- _DATASET SECTION_:
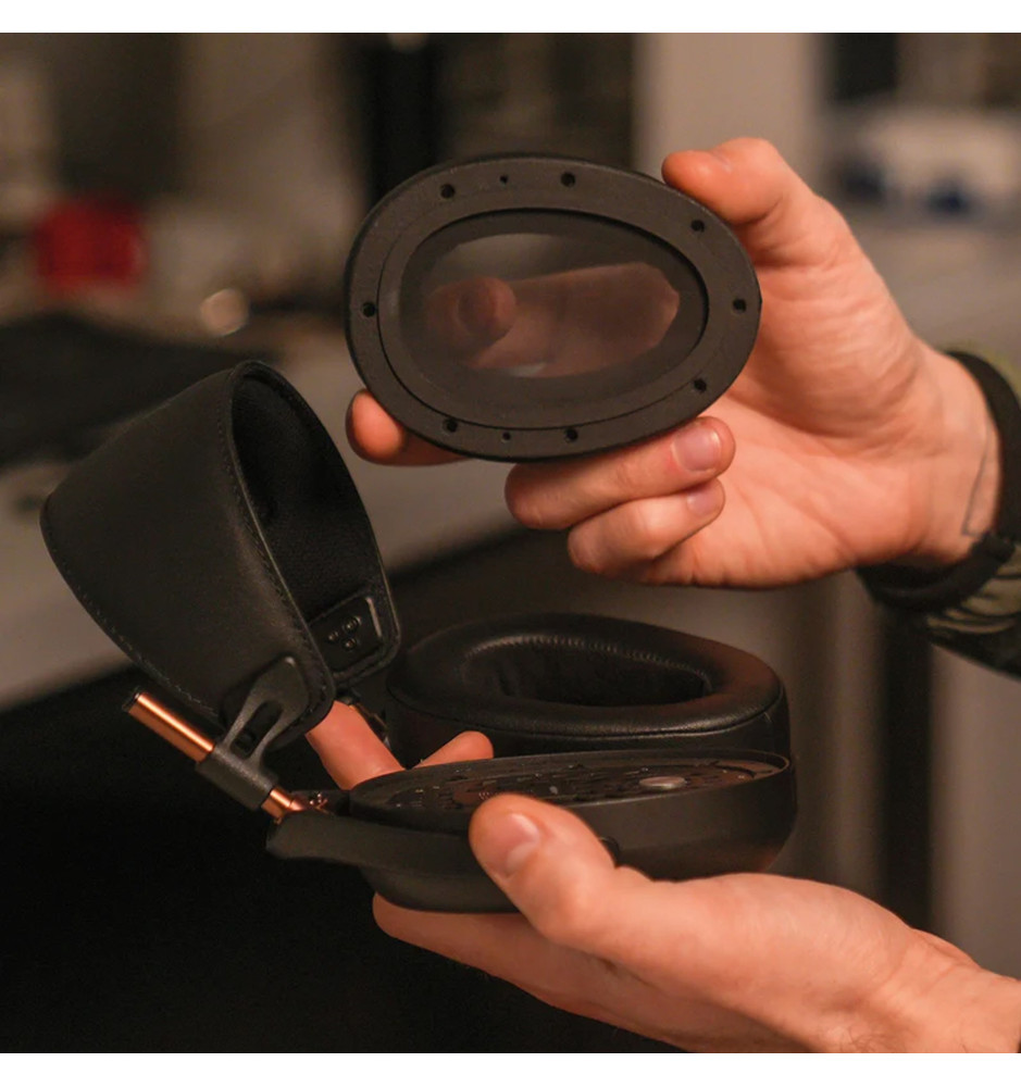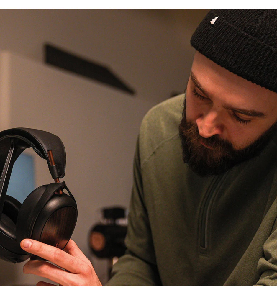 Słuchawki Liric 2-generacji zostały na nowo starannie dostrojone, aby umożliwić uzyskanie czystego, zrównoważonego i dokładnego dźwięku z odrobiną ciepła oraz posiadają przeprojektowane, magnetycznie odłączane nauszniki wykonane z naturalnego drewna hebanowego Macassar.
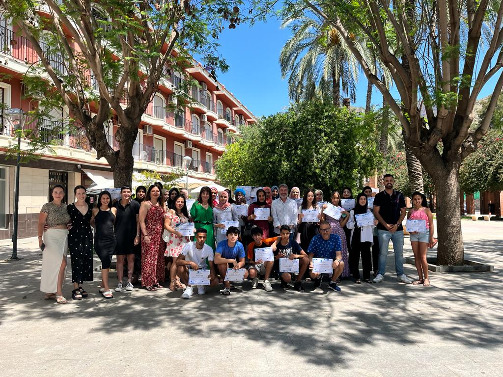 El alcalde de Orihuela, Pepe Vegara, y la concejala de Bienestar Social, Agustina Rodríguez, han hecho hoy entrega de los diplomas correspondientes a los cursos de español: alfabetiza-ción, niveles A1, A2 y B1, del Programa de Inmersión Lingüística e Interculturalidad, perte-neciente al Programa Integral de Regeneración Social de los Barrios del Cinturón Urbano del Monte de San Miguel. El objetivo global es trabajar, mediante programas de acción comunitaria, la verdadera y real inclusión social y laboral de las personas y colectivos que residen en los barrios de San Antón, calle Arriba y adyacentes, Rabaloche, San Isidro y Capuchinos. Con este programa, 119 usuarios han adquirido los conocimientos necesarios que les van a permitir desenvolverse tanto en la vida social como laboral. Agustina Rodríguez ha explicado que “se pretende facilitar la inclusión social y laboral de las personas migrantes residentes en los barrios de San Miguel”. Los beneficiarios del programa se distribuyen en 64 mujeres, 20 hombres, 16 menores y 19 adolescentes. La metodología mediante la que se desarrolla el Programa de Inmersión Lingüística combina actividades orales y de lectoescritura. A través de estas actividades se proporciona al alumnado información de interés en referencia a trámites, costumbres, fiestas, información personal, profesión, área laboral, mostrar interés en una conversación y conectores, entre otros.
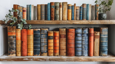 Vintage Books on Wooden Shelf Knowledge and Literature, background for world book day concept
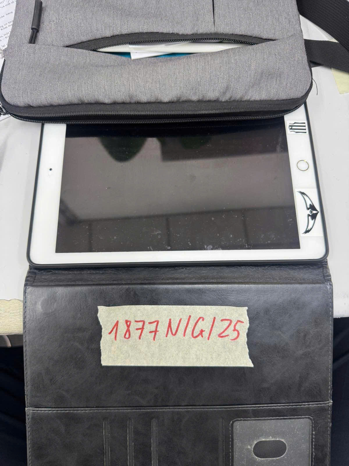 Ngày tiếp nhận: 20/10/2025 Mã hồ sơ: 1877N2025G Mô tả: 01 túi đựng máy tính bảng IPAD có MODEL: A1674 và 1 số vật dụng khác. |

- _INSTRUCTIONS TO FOLLOW_: Every line above is to be written out unchanged, with the pictures omitted.

- _TASK OUTPUT_:
 Słuchawki Liric 2-generacji zostały na nowo starannie dostrojone, aby umożliwić uzyskanie czystego, zrównoważonego i dokładnego dźwięku z odrobiną ciepła oraz posiadają przeprojektowane, magnetycznie odłączane nauszniki wykonane z naturalnego drewna hebanowego Macassar.
 El alcalde de Orihuela, Pepe Vegara, y la concejala de Bienestar Social, Agustina Rodríguez, han hecho hoy entrega de los diplomas correspondientes a los cursos de español: alfabetiza-ción, niveles A1, A2 y B1, del Programa de Inmersión Lingüística e Interculturalidad, perte-neciente al Programa Integral de Regeneración Social de los Barrios del Cinturón Urbano del Monte de San Miguel. El objetivo global es trabajar, mediante programas de acción comunitaria, la verdadera y real inclusión social y laboral de las personas y colectivos que residen en los barrios de San Antón, calle Arriba y adyacentes, Rabaloche, San Isidro y Capuchinos. Con este programa, 119 usuarios han adquirido los conocimientos necesarios que les van a permitir desenvolverse tanto en la vida social como laboral. Agustina Rodríguez ha explicado que “se pretende facilitar la inclusión social y laboral de las personas migrantes residentes en los barrios de San Miguel”. Los beneficiarios del programa se distribuyen en 64 mujeres, 20 hombres, 16 menores y 19 adolescentes. La metodología mediante la que se desarrolla el Programa de Inmersión Lingüística combina actividades orales y de lectoescritura. A través de estas actividades se proporciona al alumnado información de interés en referencia a trámites, costumbres, fiestas, información personal, profesión, área laboral, mostrar interés en una conversación y conectores, entre otros.
 Vintage Books on Wooden Shelf Knowledge and Literature, background for world book day concept
 Ngày tiếp nhận: 20/10/2025 Mã hồ sơ: 1877N2025G Mô tả: 01 túi đựng máy tính bảng IPAD có MODEL: A1674 và 1 số vật dụng khác. |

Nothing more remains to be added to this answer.